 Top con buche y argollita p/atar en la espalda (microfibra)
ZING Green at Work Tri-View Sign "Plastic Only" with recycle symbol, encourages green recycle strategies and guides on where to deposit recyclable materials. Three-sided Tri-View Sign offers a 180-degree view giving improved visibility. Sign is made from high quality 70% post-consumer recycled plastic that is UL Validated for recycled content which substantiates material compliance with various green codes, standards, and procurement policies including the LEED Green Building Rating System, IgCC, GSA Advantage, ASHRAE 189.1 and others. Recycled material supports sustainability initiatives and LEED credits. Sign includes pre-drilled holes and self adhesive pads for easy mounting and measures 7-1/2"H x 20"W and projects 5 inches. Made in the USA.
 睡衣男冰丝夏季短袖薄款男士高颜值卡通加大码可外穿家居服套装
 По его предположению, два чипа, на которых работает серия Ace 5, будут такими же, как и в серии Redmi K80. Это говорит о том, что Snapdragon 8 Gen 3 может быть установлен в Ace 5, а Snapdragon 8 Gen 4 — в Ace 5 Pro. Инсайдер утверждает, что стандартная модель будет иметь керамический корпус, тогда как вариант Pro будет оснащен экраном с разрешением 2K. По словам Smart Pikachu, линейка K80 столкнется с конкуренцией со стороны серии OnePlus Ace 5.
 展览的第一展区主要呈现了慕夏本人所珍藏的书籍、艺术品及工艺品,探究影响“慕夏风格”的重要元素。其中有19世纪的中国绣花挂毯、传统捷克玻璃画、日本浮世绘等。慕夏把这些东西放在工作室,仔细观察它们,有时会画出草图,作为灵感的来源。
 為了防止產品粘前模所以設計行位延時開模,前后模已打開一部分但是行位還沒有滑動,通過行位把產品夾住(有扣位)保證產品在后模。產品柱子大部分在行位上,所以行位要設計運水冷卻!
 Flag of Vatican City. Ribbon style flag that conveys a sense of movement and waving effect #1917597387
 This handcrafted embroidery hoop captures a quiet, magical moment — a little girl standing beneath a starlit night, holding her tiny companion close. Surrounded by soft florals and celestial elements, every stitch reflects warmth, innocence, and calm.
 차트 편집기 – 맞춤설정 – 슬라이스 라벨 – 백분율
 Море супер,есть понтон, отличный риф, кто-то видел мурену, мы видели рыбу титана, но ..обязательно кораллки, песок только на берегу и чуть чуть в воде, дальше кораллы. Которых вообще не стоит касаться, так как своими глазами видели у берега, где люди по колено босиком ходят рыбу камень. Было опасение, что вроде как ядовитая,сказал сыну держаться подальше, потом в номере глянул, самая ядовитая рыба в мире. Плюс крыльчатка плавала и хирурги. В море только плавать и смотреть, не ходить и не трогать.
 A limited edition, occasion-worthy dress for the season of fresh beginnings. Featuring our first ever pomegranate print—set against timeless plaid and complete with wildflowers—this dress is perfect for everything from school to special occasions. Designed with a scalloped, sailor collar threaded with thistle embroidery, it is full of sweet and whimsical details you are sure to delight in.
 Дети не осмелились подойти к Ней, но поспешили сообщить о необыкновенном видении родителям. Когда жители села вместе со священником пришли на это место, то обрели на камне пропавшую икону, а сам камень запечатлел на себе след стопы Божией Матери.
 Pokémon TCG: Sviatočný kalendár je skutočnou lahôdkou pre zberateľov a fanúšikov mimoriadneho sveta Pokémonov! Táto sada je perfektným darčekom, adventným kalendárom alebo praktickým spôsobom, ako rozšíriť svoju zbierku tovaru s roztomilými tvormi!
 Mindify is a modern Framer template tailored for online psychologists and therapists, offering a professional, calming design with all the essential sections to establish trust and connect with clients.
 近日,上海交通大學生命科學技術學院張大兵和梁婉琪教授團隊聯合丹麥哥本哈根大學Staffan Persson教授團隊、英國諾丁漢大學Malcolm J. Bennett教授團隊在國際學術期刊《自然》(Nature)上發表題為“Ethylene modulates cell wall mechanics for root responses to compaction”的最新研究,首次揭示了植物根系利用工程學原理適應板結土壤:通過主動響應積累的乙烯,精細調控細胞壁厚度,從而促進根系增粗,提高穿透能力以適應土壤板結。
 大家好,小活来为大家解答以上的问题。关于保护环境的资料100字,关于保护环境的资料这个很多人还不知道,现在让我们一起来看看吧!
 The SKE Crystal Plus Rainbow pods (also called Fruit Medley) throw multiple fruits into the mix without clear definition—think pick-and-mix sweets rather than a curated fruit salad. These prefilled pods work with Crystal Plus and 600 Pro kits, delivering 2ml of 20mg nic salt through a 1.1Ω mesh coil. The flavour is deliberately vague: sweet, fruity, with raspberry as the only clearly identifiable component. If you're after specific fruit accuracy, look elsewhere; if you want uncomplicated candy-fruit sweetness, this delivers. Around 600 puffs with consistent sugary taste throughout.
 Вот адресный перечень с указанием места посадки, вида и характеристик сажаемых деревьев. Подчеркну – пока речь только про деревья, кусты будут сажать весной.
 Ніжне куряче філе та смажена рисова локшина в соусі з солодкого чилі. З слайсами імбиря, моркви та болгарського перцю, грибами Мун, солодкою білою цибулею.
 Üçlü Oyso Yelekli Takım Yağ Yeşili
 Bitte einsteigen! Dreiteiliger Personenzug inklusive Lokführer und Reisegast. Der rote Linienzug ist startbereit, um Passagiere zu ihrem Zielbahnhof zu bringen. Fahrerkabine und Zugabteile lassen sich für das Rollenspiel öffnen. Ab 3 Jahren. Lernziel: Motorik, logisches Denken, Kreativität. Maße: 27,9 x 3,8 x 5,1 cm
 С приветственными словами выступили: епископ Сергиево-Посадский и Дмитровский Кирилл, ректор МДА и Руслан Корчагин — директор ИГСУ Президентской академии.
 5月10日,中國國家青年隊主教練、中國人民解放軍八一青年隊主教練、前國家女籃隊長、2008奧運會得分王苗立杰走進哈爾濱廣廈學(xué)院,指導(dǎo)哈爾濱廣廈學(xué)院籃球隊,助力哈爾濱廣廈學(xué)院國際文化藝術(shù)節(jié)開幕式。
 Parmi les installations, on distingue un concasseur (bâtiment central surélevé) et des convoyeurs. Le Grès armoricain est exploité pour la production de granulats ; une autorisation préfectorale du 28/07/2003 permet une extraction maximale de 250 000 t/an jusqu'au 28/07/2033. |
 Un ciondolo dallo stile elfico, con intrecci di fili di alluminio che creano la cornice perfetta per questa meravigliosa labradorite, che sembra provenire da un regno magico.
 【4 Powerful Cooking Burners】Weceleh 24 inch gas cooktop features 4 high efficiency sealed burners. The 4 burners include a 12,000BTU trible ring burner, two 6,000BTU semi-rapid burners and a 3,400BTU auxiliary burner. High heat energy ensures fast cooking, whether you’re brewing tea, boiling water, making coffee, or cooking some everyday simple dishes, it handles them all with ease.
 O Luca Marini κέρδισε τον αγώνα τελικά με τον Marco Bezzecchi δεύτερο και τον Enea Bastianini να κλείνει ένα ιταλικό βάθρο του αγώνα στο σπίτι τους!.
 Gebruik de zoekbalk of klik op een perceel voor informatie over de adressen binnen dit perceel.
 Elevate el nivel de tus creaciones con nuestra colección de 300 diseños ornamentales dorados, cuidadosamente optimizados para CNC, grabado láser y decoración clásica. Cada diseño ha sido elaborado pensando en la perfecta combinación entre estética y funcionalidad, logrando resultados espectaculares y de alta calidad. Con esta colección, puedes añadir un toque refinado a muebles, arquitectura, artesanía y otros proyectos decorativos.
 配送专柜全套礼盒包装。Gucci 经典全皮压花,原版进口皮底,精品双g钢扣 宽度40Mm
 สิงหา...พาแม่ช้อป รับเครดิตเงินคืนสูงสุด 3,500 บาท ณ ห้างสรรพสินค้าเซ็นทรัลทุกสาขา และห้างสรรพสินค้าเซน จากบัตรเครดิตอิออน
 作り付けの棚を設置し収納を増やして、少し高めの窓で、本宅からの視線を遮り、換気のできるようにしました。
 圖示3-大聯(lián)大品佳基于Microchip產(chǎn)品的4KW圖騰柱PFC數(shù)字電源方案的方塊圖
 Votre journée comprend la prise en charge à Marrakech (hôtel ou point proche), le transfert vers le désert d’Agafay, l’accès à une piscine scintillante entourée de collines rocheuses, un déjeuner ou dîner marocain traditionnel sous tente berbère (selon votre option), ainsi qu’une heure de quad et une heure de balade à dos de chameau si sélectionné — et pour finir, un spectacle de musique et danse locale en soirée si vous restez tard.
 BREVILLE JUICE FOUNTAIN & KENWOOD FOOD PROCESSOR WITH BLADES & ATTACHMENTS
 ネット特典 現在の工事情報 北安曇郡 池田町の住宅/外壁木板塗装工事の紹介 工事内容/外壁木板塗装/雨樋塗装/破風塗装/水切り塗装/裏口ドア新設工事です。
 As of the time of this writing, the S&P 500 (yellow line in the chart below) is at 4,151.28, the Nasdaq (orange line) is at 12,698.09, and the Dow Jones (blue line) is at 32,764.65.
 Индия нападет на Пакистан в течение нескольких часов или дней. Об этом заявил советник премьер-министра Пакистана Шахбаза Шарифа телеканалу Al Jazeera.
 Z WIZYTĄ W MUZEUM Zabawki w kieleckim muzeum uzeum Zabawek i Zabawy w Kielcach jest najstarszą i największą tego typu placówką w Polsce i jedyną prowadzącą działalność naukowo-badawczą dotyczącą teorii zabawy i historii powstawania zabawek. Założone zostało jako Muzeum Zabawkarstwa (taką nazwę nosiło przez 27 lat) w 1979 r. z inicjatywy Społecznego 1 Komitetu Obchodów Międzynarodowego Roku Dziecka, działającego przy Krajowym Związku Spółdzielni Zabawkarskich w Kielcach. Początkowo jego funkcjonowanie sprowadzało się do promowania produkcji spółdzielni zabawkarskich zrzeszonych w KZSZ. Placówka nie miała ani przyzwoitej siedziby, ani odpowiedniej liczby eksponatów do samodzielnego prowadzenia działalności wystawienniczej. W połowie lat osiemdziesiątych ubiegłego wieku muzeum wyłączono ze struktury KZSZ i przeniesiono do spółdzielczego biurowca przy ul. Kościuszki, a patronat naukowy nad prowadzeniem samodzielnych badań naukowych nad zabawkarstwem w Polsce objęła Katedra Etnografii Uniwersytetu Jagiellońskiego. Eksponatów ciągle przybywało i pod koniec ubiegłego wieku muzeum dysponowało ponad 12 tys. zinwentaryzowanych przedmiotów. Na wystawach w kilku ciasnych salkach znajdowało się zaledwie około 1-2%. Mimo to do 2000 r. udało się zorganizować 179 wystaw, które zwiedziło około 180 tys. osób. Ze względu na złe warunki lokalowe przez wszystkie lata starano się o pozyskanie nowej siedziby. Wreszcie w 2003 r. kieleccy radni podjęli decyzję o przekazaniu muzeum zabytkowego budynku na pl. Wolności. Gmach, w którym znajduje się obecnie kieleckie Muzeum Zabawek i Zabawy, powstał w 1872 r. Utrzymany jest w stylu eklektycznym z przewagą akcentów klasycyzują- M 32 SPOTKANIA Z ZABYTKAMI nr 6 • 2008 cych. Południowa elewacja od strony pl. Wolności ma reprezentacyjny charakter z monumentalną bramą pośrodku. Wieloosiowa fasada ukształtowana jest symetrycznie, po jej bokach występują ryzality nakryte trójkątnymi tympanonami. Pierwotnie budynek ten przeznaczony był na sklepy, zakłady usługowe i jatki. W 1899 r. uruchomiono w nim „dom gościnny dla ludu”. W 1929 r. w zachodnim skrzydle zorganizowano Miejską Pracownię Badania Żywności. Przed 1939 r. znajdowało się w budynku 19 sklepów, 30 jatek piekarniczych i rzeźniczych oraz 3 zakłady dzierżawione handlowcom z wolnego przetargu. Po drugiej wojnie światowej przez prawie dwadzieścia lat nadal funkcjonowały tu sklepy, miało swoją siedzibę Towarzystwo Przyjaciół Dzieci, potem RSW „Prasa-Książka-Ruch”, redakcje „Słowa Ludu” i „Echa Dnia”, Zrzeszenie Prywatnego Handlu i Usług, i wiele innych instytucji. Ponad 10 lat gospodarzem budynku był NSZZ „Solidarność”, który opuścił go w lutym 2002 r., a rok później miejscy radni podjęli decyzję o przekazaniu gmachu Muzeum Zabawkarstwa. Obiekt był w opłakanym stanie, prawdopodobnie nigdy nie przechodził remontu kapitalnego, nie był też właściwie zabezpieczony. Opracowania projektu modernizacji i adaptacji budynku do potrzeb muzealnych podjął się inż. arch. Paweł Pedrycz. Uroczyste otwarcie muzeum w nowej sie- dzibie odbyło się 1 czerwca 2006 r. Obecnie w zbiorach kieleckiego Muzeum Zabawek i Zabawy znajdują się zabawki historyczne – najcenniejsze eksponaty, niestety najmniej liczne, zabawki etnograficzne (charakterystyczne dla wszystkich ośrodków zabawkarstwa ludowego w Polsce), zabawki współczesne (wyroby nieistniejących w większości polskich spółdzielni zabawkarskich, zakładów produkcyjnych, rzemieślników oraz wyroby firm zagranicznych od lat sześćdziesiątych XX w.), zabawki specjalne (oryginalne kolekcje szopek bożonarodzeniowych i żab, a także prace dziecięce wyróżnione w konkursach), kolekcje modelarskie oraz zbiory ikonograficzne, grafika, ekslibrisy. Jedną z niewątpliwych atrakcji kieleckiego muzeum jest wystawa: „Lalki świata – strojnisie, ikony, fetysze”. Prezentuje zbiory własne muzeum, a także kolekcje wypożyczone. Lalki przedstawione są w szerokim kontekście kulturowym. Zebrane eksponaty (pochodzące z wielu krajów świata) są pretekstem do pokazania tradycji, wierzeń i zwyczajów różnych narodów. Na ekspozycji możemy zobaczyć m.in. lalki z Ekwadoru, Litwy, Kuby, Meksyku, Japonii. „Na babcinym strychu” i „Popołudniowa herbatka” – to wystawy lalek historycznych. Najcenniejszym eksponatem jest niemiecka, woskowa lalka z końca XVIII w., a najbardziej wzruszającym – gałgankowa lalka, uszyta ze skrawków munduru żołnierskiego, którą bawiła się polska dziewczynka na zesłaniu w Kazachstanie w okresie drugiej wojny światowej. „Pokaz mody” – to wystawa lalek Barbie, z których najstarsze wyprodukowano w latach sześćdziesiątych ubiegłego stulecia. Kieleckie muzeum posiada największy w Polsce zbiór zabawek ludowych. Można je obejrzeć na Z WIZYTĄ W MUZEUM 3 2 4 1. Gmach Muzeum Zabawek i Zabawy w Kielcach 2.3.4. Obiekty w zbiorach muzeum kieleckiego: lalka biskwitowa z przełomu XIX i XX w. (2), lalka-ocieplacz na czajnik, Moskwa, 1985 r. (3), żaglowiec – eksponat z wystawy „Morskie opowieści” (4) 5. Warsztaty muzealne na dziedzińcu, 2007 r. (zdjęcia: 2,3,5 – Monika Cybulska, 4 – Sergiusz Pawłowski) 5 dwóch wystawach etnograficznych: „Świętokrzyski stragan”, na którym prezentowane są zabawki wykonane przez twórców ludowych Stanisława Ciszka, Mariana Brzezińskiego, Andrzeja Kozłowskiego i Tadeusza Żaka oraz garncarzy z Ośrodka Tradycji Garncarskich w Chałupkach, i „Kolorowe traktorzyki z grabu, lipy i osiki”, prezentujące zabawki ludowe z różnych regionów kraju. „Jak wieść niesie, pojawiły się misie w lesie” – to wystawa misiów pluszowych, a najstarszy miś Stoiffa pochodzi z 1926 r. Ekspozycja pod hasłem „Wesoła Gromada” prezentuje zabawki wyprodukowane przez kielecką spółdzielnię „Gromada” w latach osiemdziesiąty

= INSTRUCTIONS FOR THE TASK =
Only lines with the word "embroidery" are wanted. Find and copy them from the records above.

= RESPONSE =
 This handcrafted embroidery hoop captures a quiet, magical moment — a little girl standing beneath a starlit night, holding her tiny companion close. Surrounded by soft florals and celestial elements, every stitch reflects warmth, innocence, and calm.
 A limited edition, occasion-worthy dress for the season of fresh beginnings. Featuring our first ever pomegranate print—set against timeless plaid and complete with wildflowers—this dress is perfect for everything from school to special occasions. Designed with a scalloped, sailor collar threaded with thistle embroidery, it is full of sweet and whimsical details you are sure to delight in.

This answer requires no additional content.